Adaptive Leadership Nye proclaims adaptive personalities exhibit a positive conflict management trait resulting in a positive emotion. This adaptiveness encourages integration, compromising and obliging. EI allows one to understand what behavior style they might use in conflict. A higher degree of EI will allow one to select whether a positive or negative approach towards conflict management will provide the most desirable results.
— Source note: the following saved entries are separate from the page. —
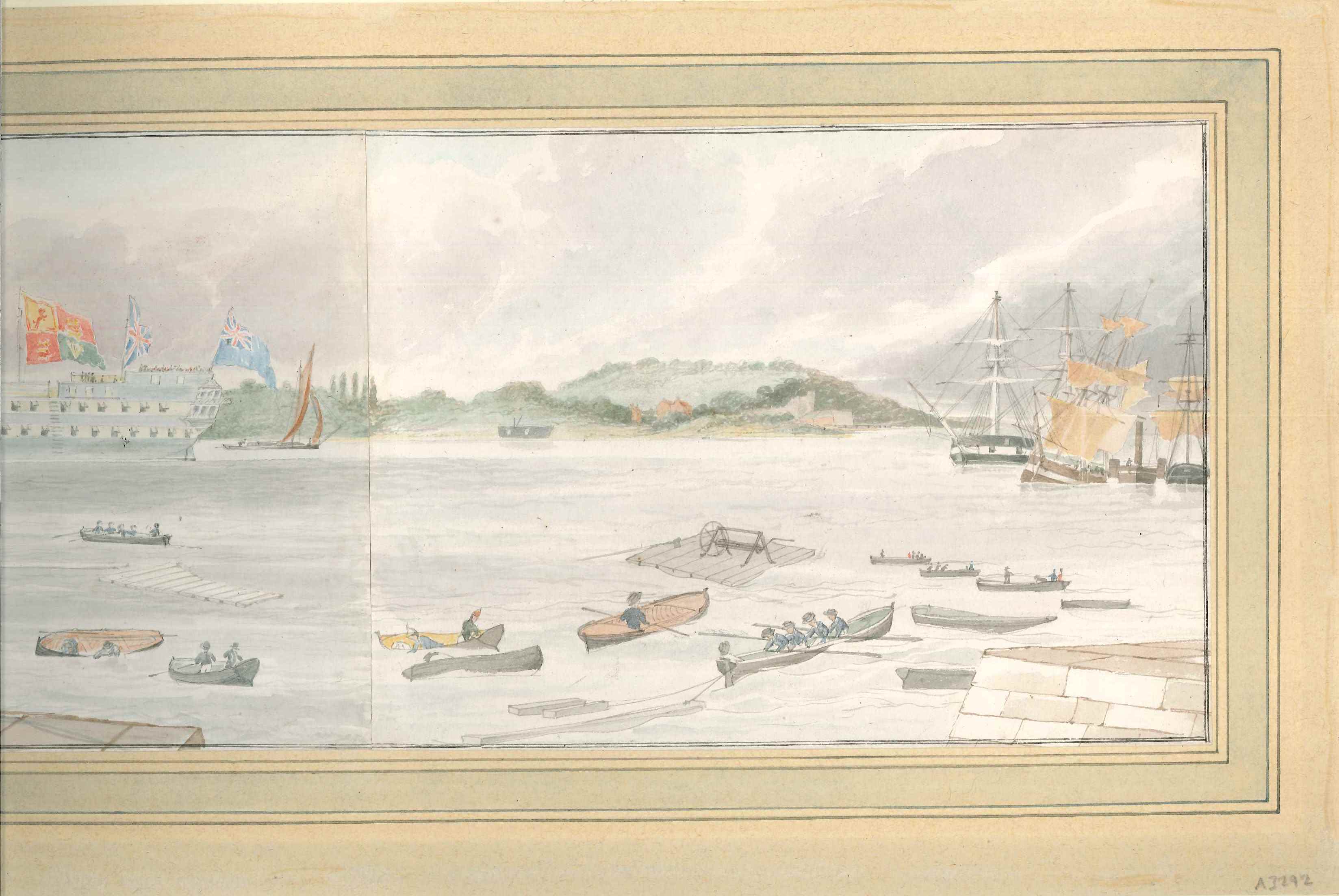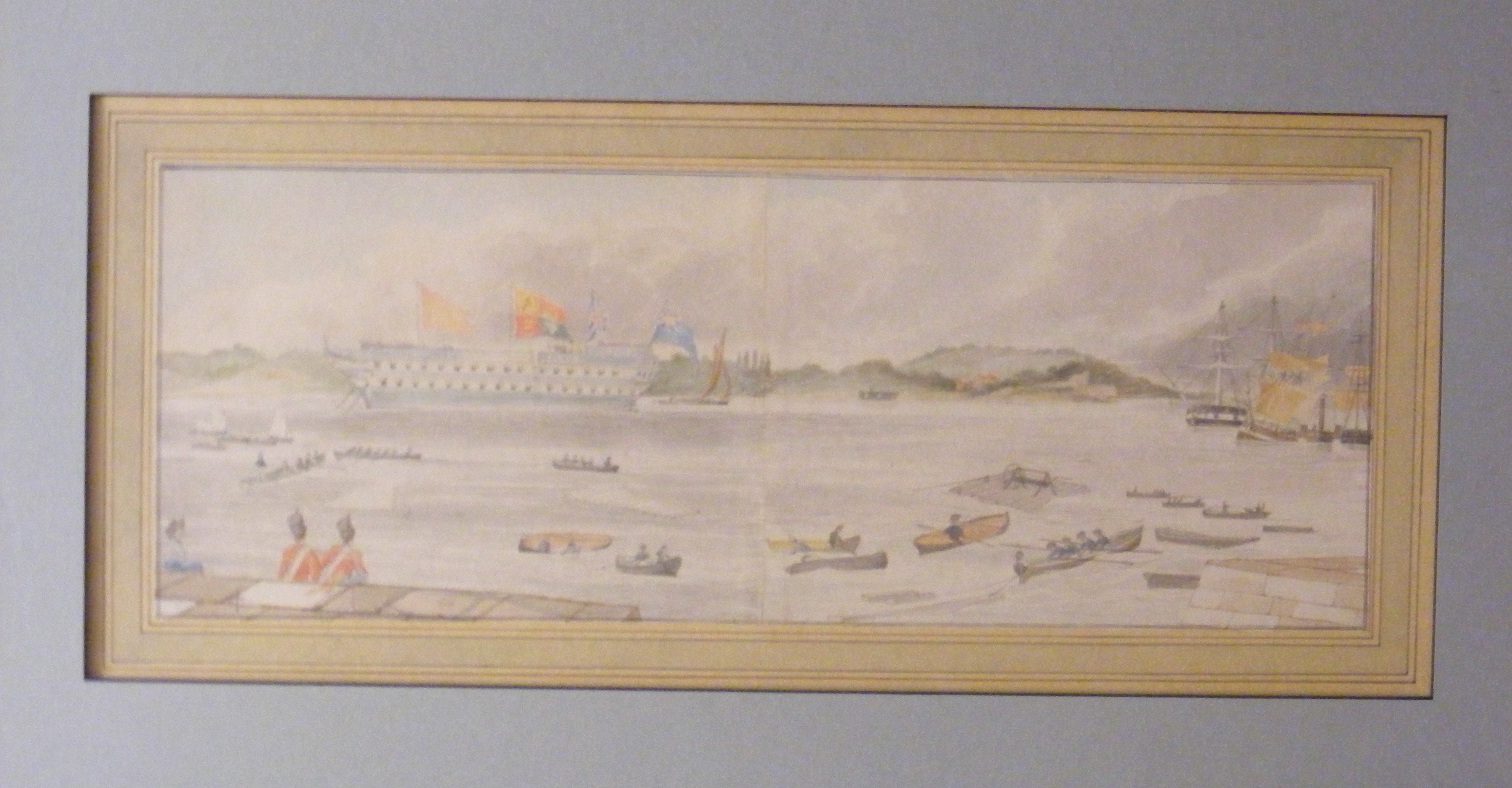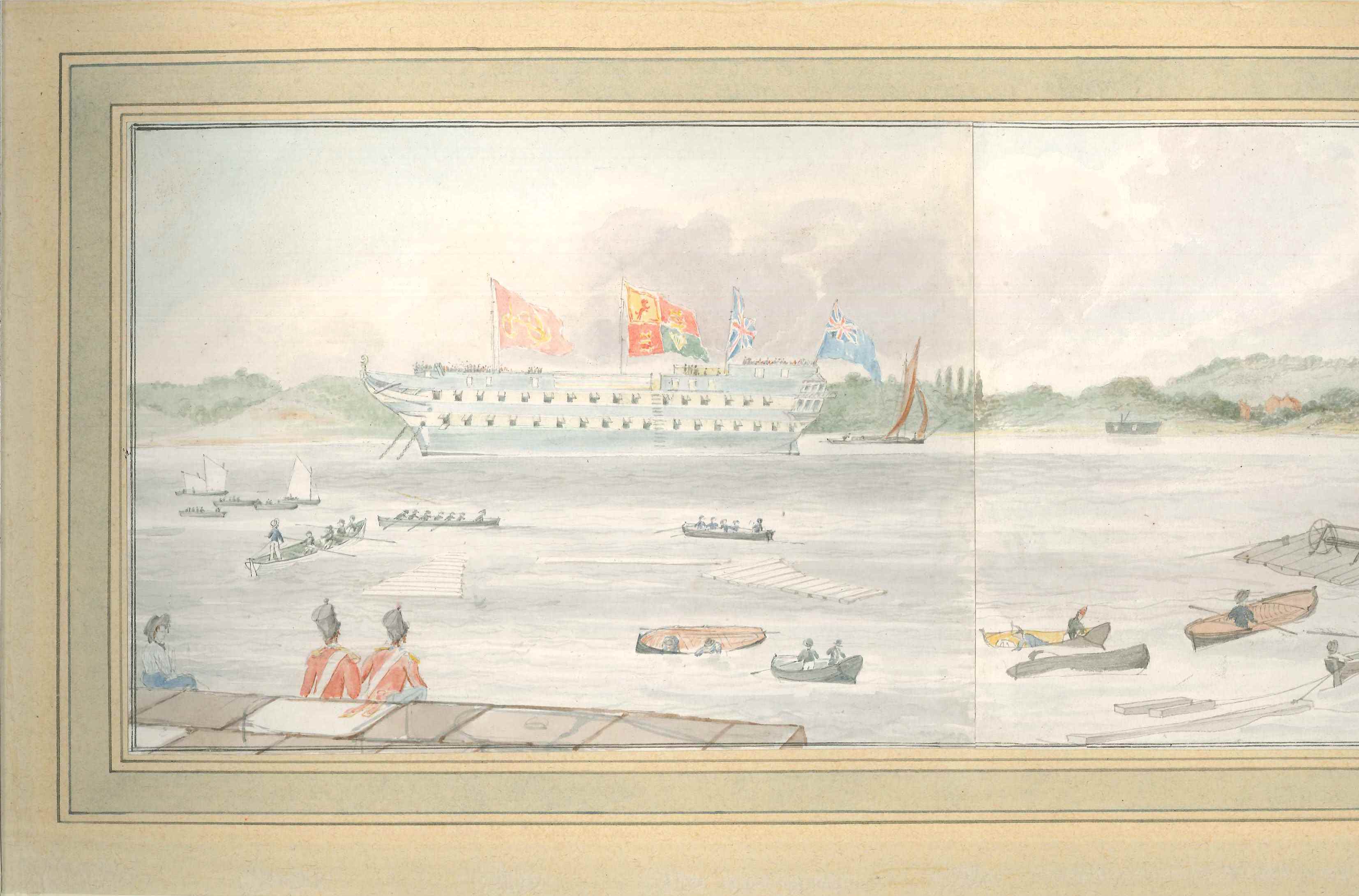 Watercolour painting; shows the launch of a man-of-war in 1848 (probably the 'Mars' of 84 guns) from Chatham dockyard; picture formed from 2 sheets of paper, sketched with added watercolour; slightly naive style apparent in the figures portrayed. Artist unknown, not signed; scene shows various steam and sail vessels, rowboats, 2 soldiers & 1 female spectator in the foreground.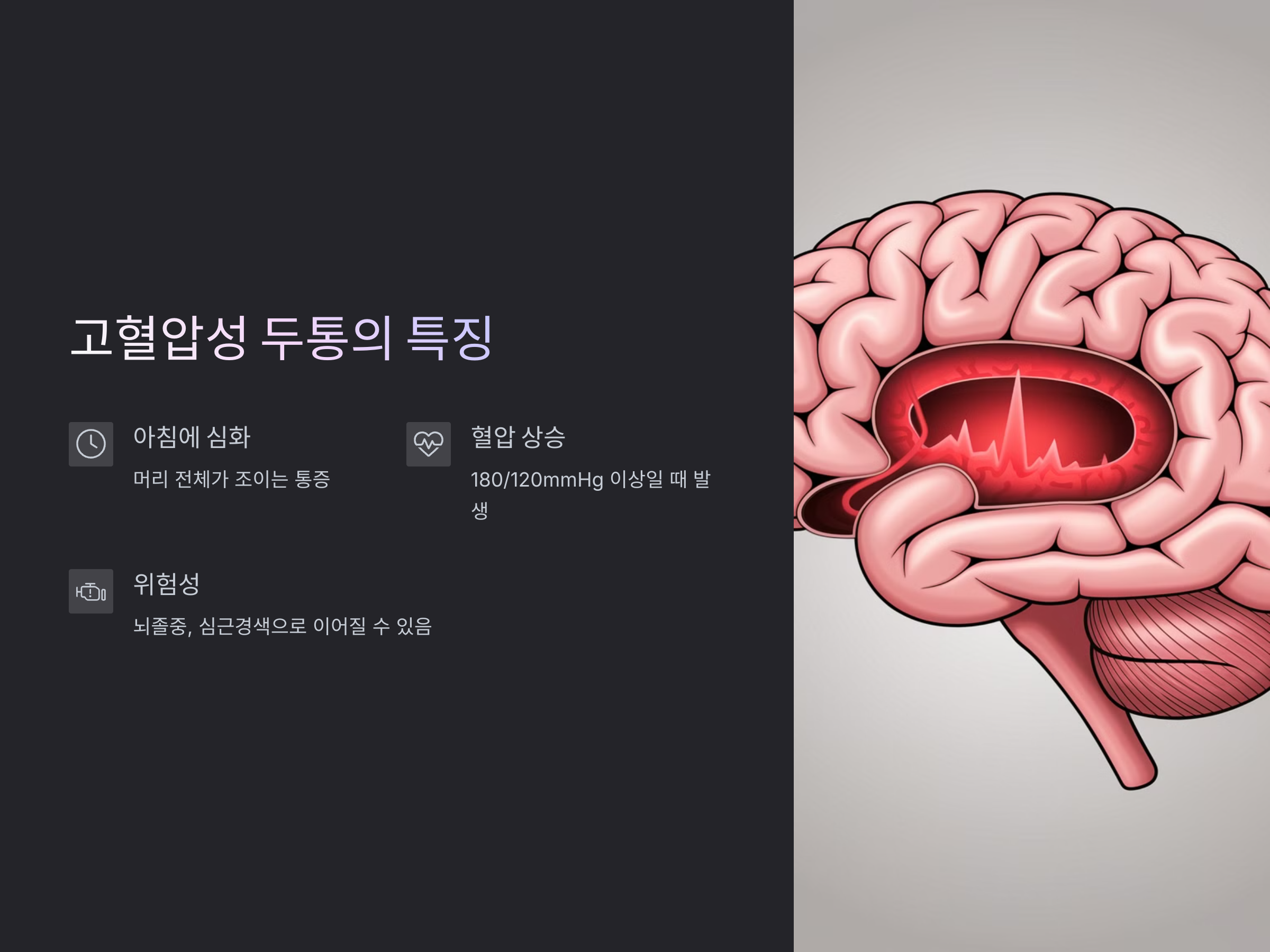 고혈압성 두통은 보통 아침에 심하게 느껴지며, 특히 혈압이 180/120mmHg 이상으로 급격하게 상승했을 때 두통이 동반되는 경우가 많습니다. 이는 뇌혈관이 과도한 압력을 받으면서 신경이 자극되는 과정에서 발생합니다. 일반적으로 머리 전체가 조이듯이 아프고, 머리를 움직이거나 아침에 일어나자마자 더 심하게 느껴지는 것이 특징입니다.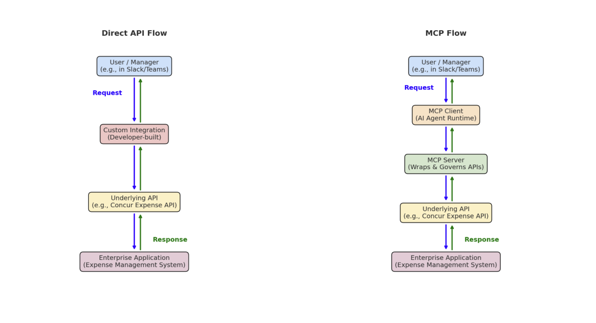 Here’s what happens: The AI agent in Slack interprets the request. It needs to talk to Concur to get data or perform an action. Traditionally, it would hit the Concur APIs directly — but without strong safeguards, that could mean over-permissioning, lack of logging or unsafe automation.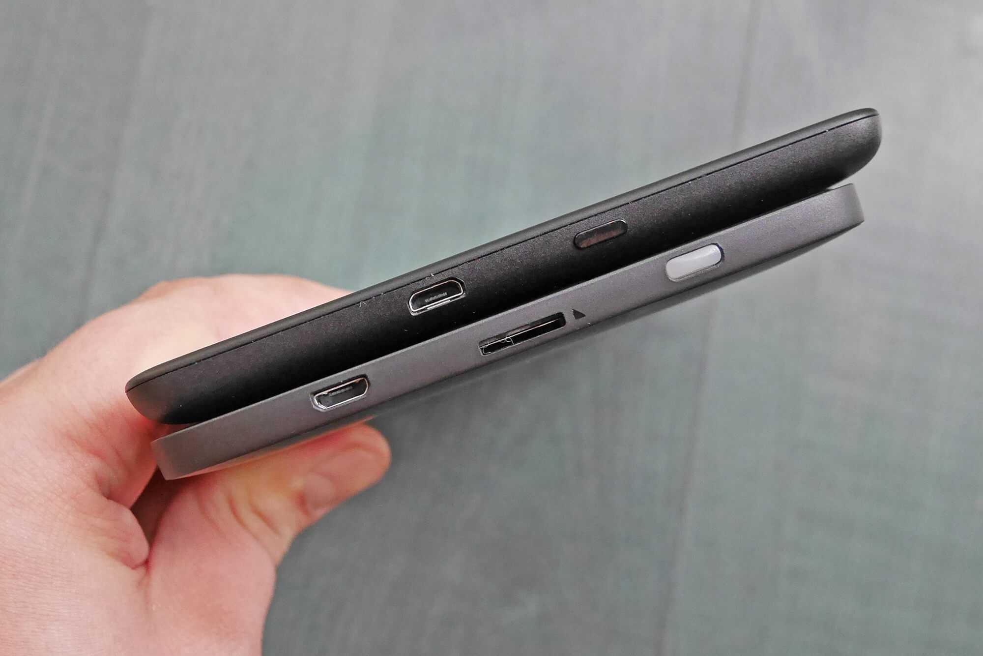 Ну и последнее, что стоит сказать о конструкции и дизайне ридеров. На нижних гранях обеих моделей находятся порты microUSB (ох, ну когда же производители читалок перейдут на Type-C!) и кнопки включения.
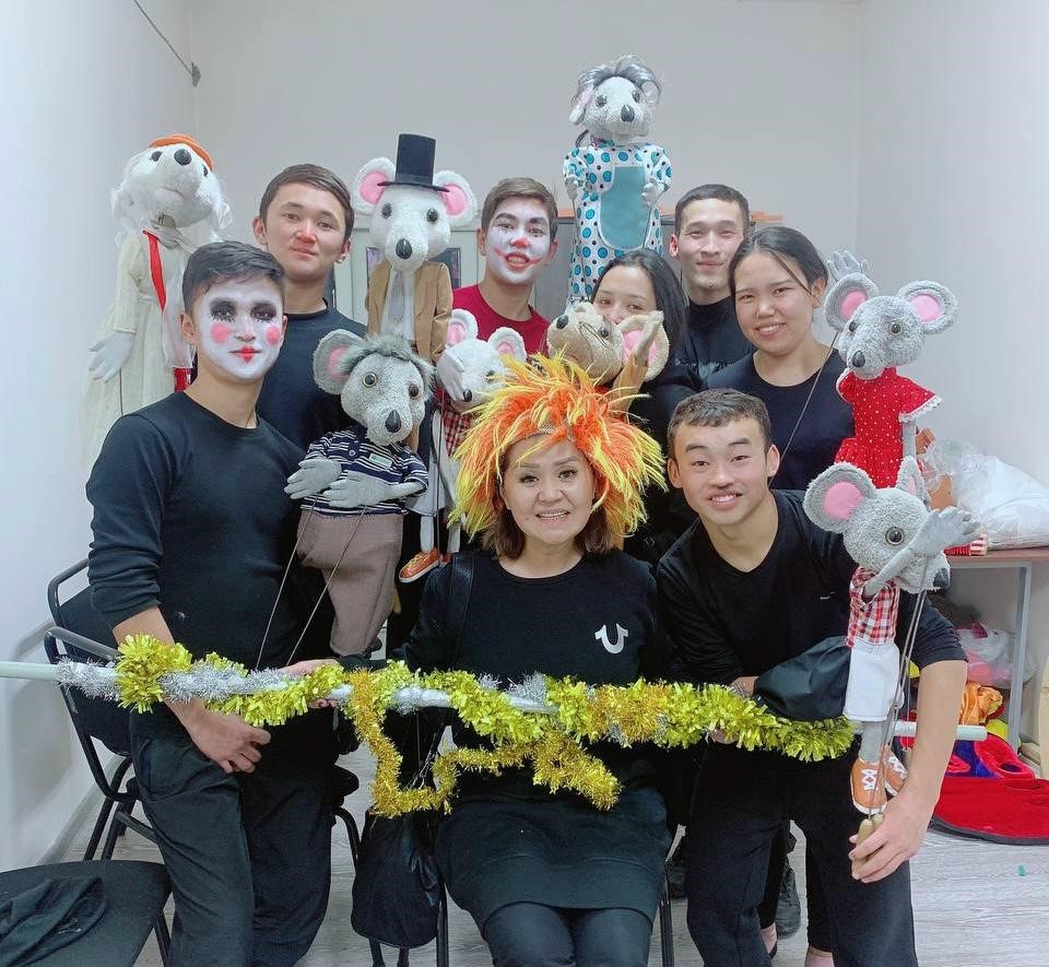 Бубусара Бейшеналиева атындагы КММИУнун 3 - курсунун куурчак театры адистигинин студенттеринен куралган:
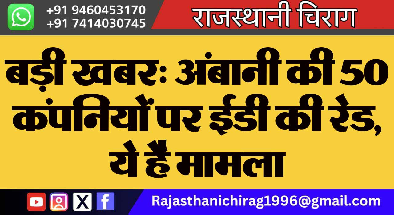 बड़ी खबर: अंबानी की 50 कंपनियों पर ईडी की रेड, ये है मामला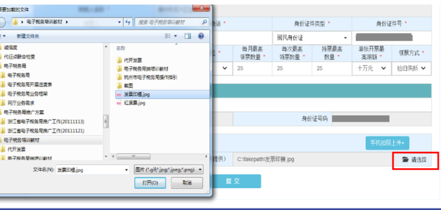 通過調(diào)取電腦已存文件或圖像進(jìn)行上傳發(fā)票專用印模,如下圖。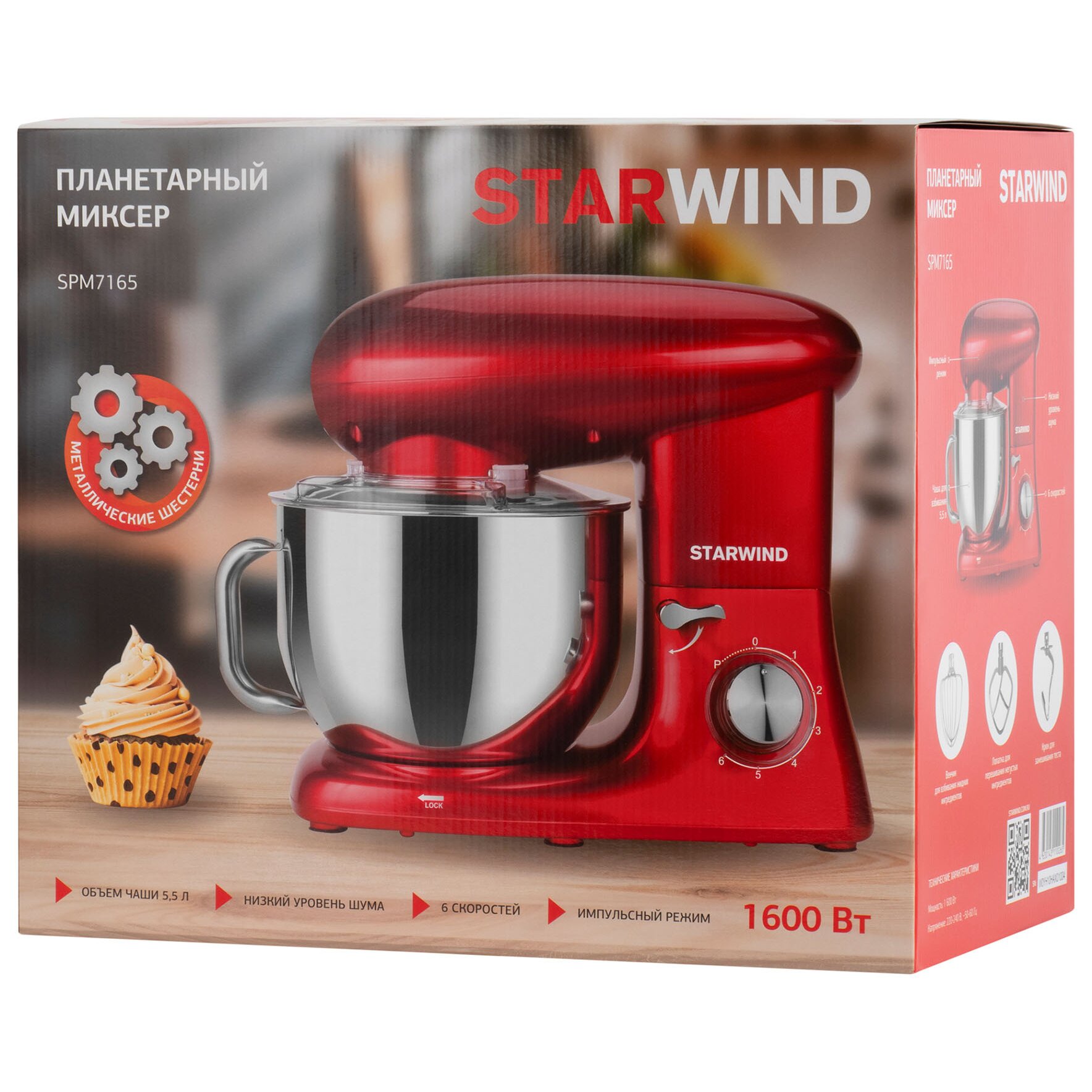 Миксер планетарный StarWind SPM7165 представляет собой устройство, которое по внешнему виду и функционалу схоже со сложной кухонной машиной. Бытовая техника справится с замешиванием дрожжевого теста, взбиванием и смешиванием всевозможных ингредиентов. Прибор незаменим для тех хозяек, которые любят часто готовить. Мощность бытового прибора составляет порядка 1600 Ватт, а объем резервуара для ингредиентов – 5,5 литра. Опционально предусмотрено шесть режимов работы, поэтому подобрать вариант с учетом специфики блюда не составит особого труда. Миксер достаточно мощный, изготовлен из пластика и нержавеющей стали. Корпус яркого красного цвета сразу привлечет к себе внимание гостей.

Several personality traits indicate a persons probability of adaptive or nonadaptive personality (Wrobel, 2007) and outward behavior. Adaptive vs. non-adaptive personality has been measured on a Schedule for Non-adaptive and Adaptive Personalities or SNAP scale. The SNAP is comprised, in part, by 13 diagnostic scales of personality disorder (APA, 1987). The outcomes of a 2007 study by Wrobel found that high degrees of extraversion tend to lead toward a positive or adaptive personality, while pessimistic behaviors lead to a more negative or non-adaptive personality. Thus, this researcher concludes that a portion of adaptive personality is adaptive leadership. Harvey suggests it would benefit a leader in todays world and in the future to be adaptive in their leadership styles. S/he should be able to exude self-control, provide sound judgment, and be culturally aware to be successful in our ever changing fast paced diversified world. FM 22-100 (US ARMY Leadership Manual) stresses that leaders must be able to adjust their leadership style to the situation as well as to the people being led (Army H. D., 1999). Managers should not limit themselves to one leadership style in a given situation and, with the direction of the work-force today and tomorrow, being able to adapt appropriate styles will help in influencing employees success. Conclusion Projects are essentially risky and PMs require a multitude of tools to succeed. Some of these tools are tangible, measureable, and certifiable. While others are intangible, non-certifiable and noticeably missing when absent. Inarguably, all PMs understand that a project has 5 Process Groups (PMBOK 4th Edition, 2008): Initiating Planning Executing Monitoring and Controlling Closing

In fact PMs can test and certify that they have expert level knowledge of the above written processes. Even PMPs following proven processes find their projects not meeting the desired outcomes. As this paper has discussed, the key to successful project management resides in the intangible, vague, elusive realm of Emotional Intelligence (EI). As stated, EI is not a tangible, certifiable process. It is however, a teachable, learned skill that involves leading people. During our study of EI and how it

relates to project management, we have defined the five most needed EI skills for project management: Communication Persuasive Leadership Conflict Management Change Management Adaptive Personality

Until such a time when people are not needed to manage project management processes, PMs will need a high level of EI to attain successful project outcomes. By understanding EI, PMs can use their emotions to build their interpersonal skills and influence. The better PMs are at developing and sustaining relationships, the more successful we can expect the end result of projects. EI provides the edge for excelling at interpersonal skills and building the relationships necessary to succeed within project and program management.